А самой-то ей, самой чего осталось?
– Иные говорят, что из-за гор пришли, – продолжила Вадома, – но не наших, а Чёрных, далёких гор. Вроде там снег лежит и не сходит никогда. Другие же спорили, что из-за морей холодных пришли первые заклинатели.
– Ты никогда не говорила, почему они пришли, – Бланка не отставала. Она пользовалась возможностью спросить о том, что давно мучило её саму, травило как то знание, которым делилась Вадома. Бланка была ещё молода, но что это могло изменить? Молодость её оставалась недолгой, такова плата за знание и силу.
– Разве же знаю? – усмехнулась Вадома, – про их беды никто и не спрашивал, своего лиха в те дни хватало. Но ладно, хватит болтать впустую, ты отвар сготовила?
Бланка протянула горшок. Вадома оценила отвар, его густоту, запах, осталась недовольна:
– Жидковат.
Встала, и это движение далось ей с трудом, принялась шарить руками по баночкам. Бланка вздохнула, отошла в сторону. Она была расстроена, но Вадома и не думала утешить её, ревностное злорадство ещё было слишком заметно в ней. На деле отвар был хорош, но признавать это было непросто, ведь Вадома помнила ещё как сама впервые сготовила такой отвар, и какая неудача постигла её. А здесь, да с первой попытки… нет, нельзя приучать к успеху!
Пришлось изображать переделку, тратить драгоценные силы, но всё было готово, и Вадома усмехнулась:
– Теперь как надо. Ну что, идём?
Бланка, побледнев, кивнула, и Вадома с упоением отметила, что девушка ещё не очерствела.

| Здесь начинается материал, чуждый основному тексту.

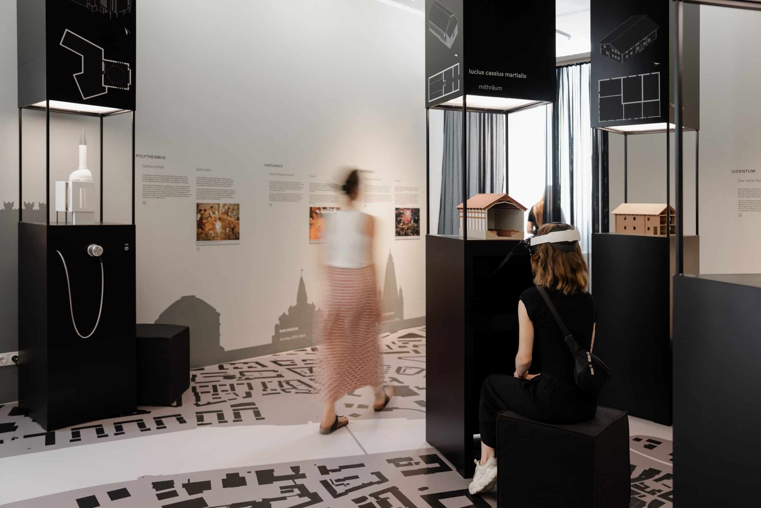 Im zweiten Obergeschoss begleiten Besucher:innen die sechs Charaktere bei ihrer Ankunft in Konstanz. Im Zentrum stehen religiöse Stätten, die Orientierung, Gemeinschaft und Halt bieten. Die Charaktere erzählen den Besucher:innen von ihren Erfahrungen an den jeweiligen Stätten. Mithilfe von VR-Brillen können Besucher:innen drei der Kultstätten selbst erkunden.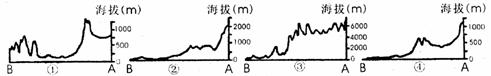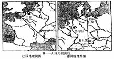 3.在下列沿图中B-A剖面线所做的地形剖面图中,正确表示法国与德国地形分布的一组是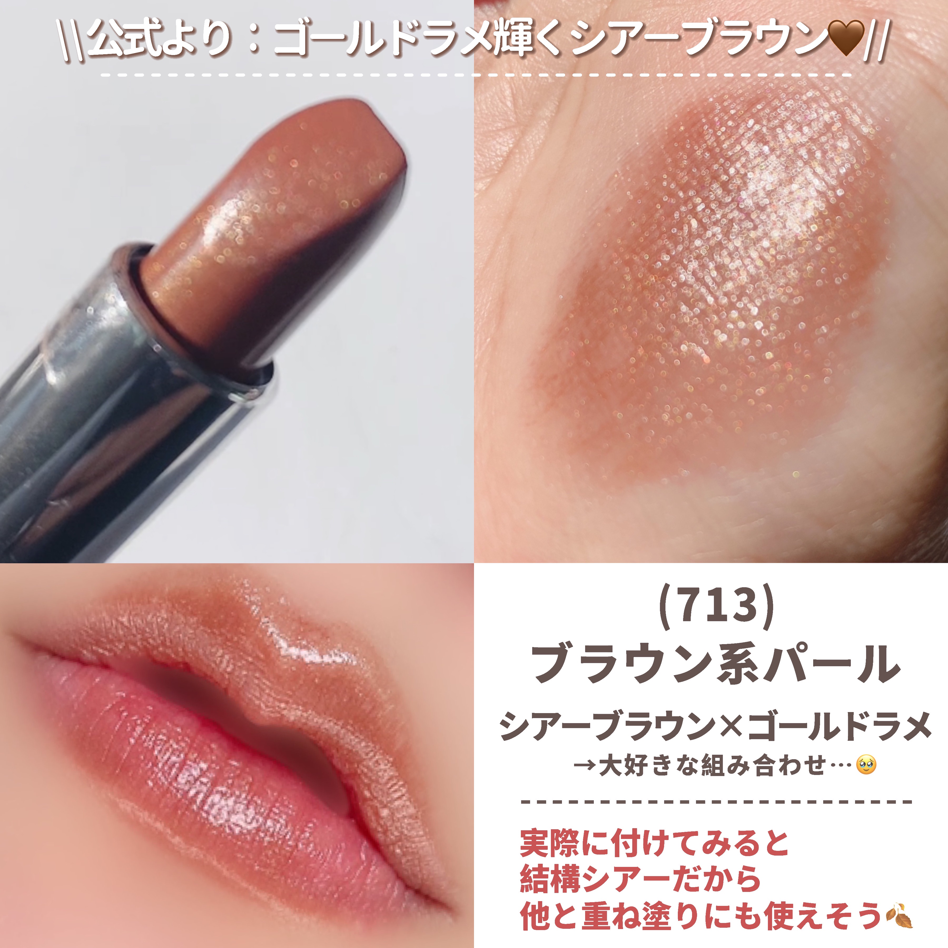 385円の透け感たっぷりブラウンリップ💄 なにこの可愛いブラウンリップ!!!!こんなにうるおい感あってなめらかだった? 透け感たっぷりの中にゴールド系のパールたっぷり… 色持ちは普通だけどさ、別に私は荒れたりしないし 385円とか大満足でしかない🥺💓 専用ケース無くても使えるんだけど、キャップはずれやすいと思うからケースも買った方がいいかも!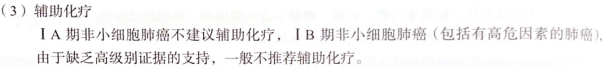 ①ⅠA期非小细胞肺癌患者接受辅助化疗并无获益,故而ⅠA期非小细胞肺癌患者术后不推荐进行辅助化疗。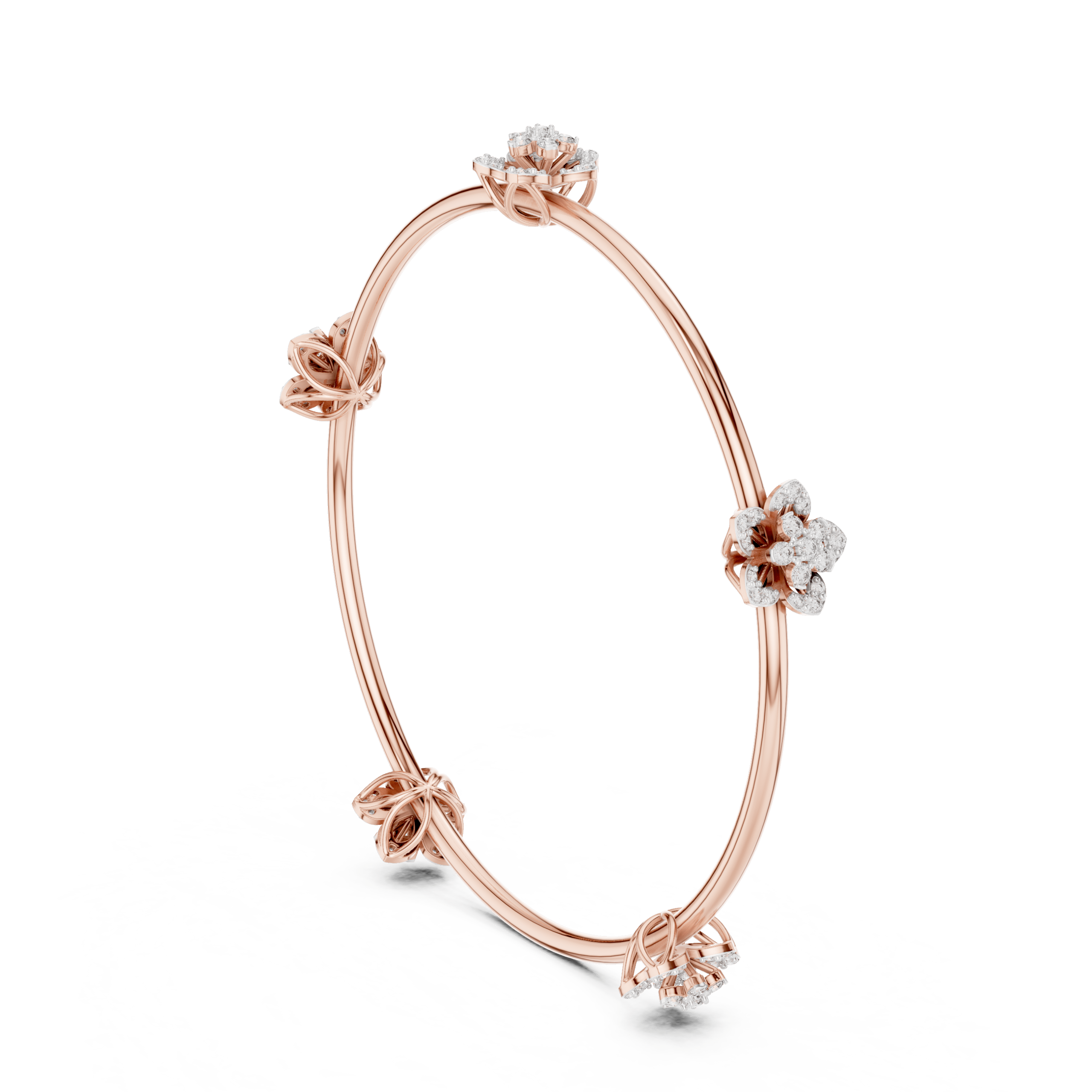 The Rose Gold Floral Cluster Diamond Bangle is a graceful expression of femininity, elegance, and refined craftsmanship. Designed to add a delicate sparkle to the wrist, this timeless piece blends natural inspiration with modern sophistication.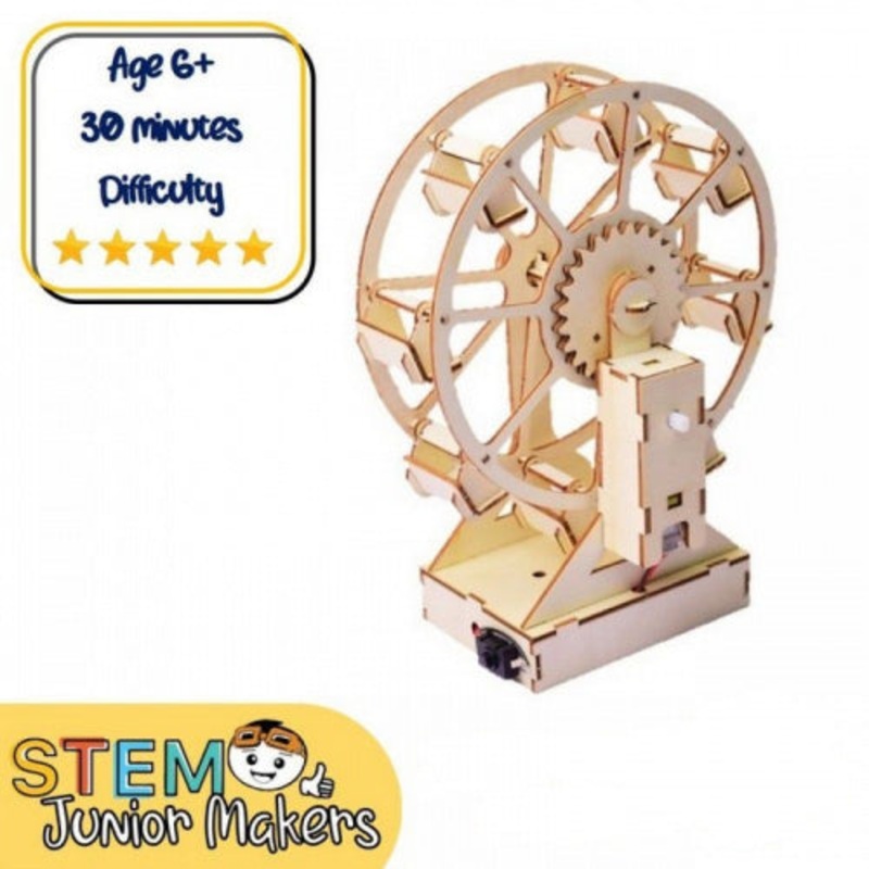 FUN TO BUILD Wooden parts for the Ferris wheel structure Some double-sided tape Connecting wire 1 x AA battery holder 1 x Wooden filer (For sanding) 1 x DC motor 1 x Switch 1 x Wood glue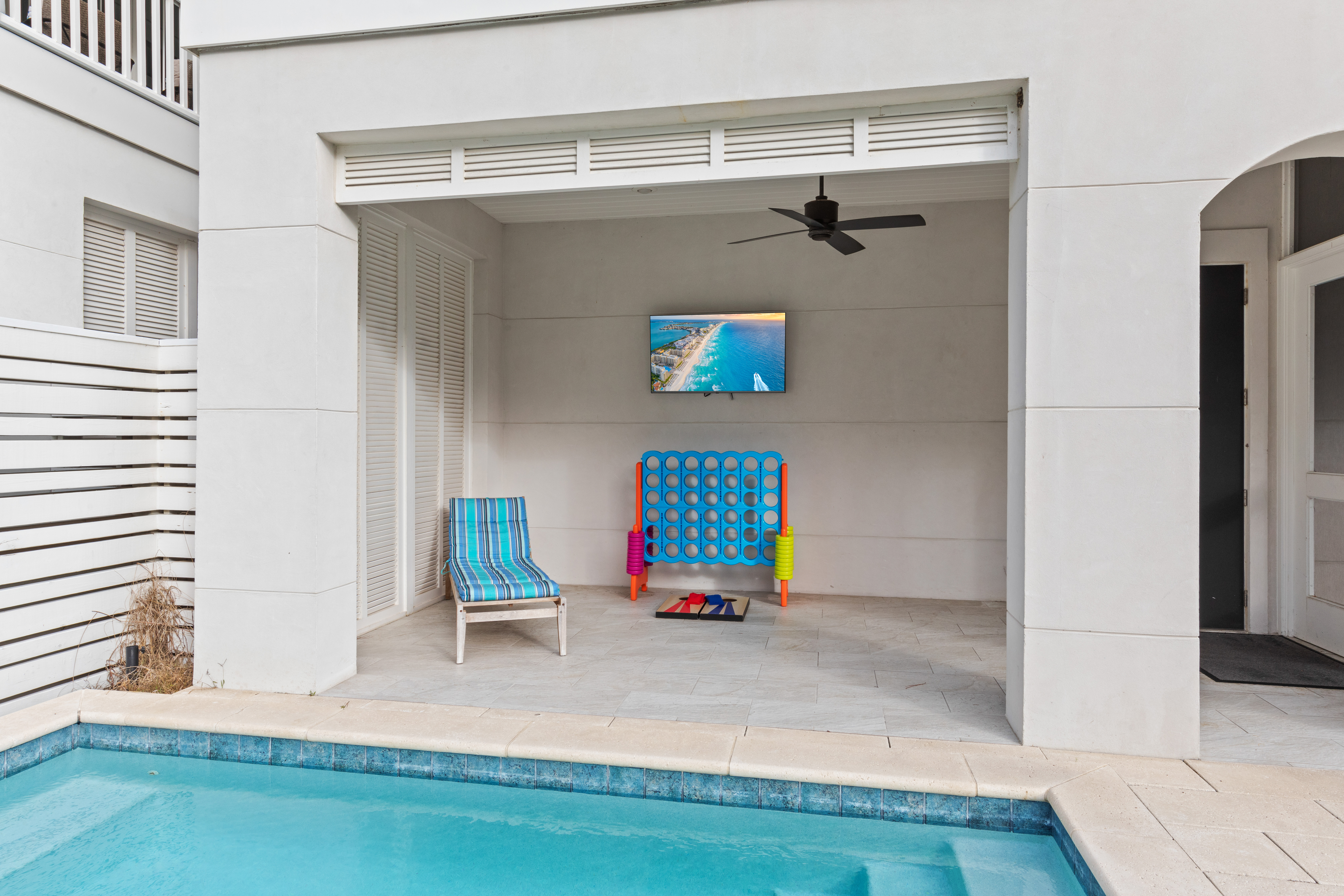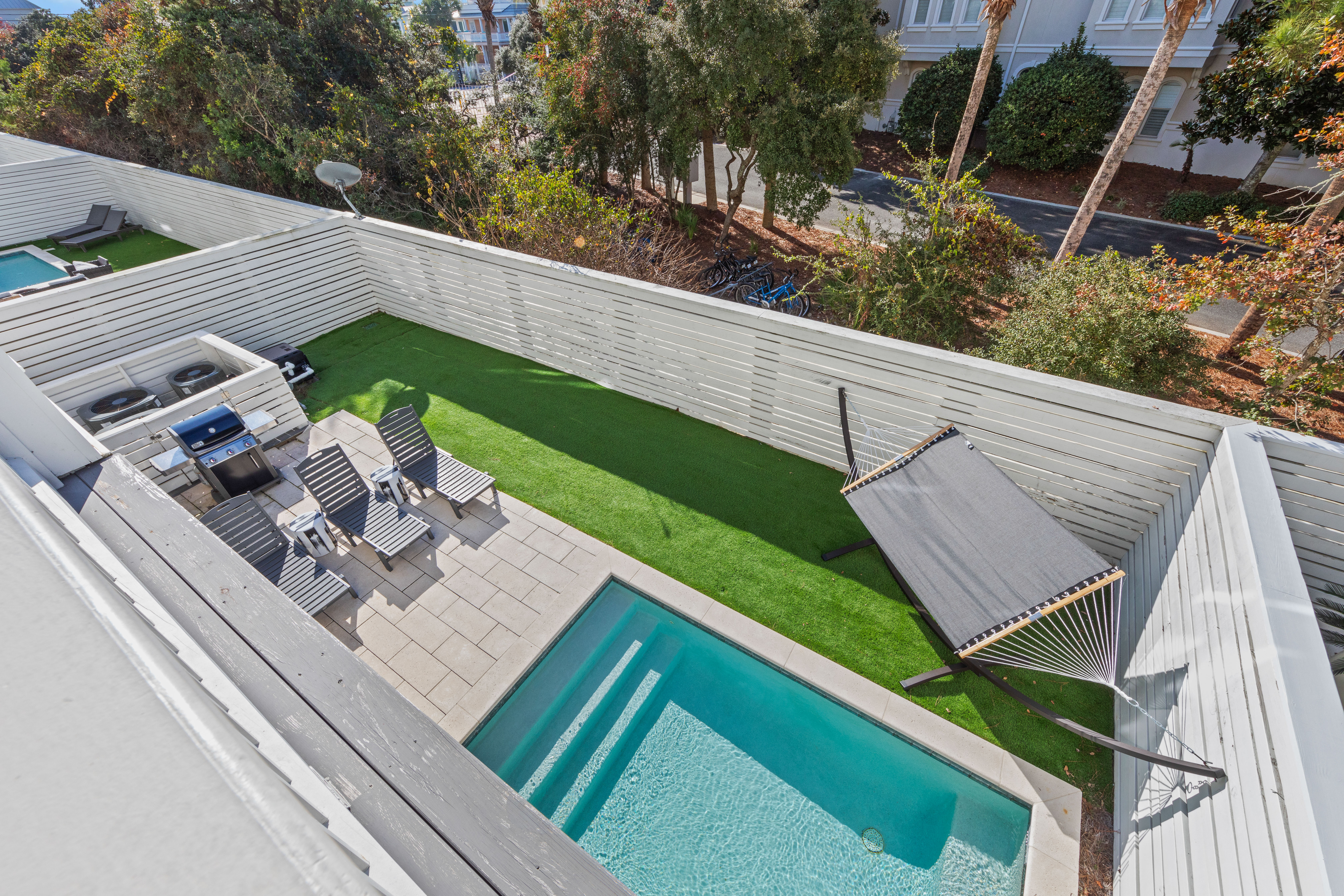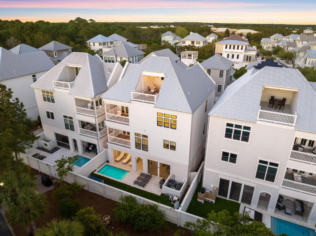 Guests can enjoy a private saltwater plunge pool, multiple balconies and screened-in porches, and a complimentary 6-seater LSV for easy travel along 30A.

Что ж, годы скоротечны и вскоре возьмут своё. Прошли те годы, когда богов было много, и природа сама отдавала своё нутро на растерзание жизни. Много богов сменилось одним, суровым и всезнающим, но никто из заклинателей не смог примириться с этим ни тогда, ни сейчас. Сменились годы, забылись пришлые гости, что были бледны, да чернооки, но остались их ученики, и сменялись они меж собою, не в силах удержать то, что им не было дано по крови, в своей плоти да душе. Передавалось знание, сильнее становилось обособление, и к этим годам, когда Вадома и Бланка шли к лесу, всё приобрело значение совсем непривычное: выходило, что Вадома именовалась теперь «ведьмой» или «знахаркой», имела своих учениц, жила своим да лесным промыслом, и… бралась за многие заказы. Были среди них и полезные – кого исцелить, кому помочь, но бывало и иное: кого извести, кого загубить – изобретательны люди, и те, кто переходит в новое время, мирились, перекраивая полученные знания, да своими разбавляя.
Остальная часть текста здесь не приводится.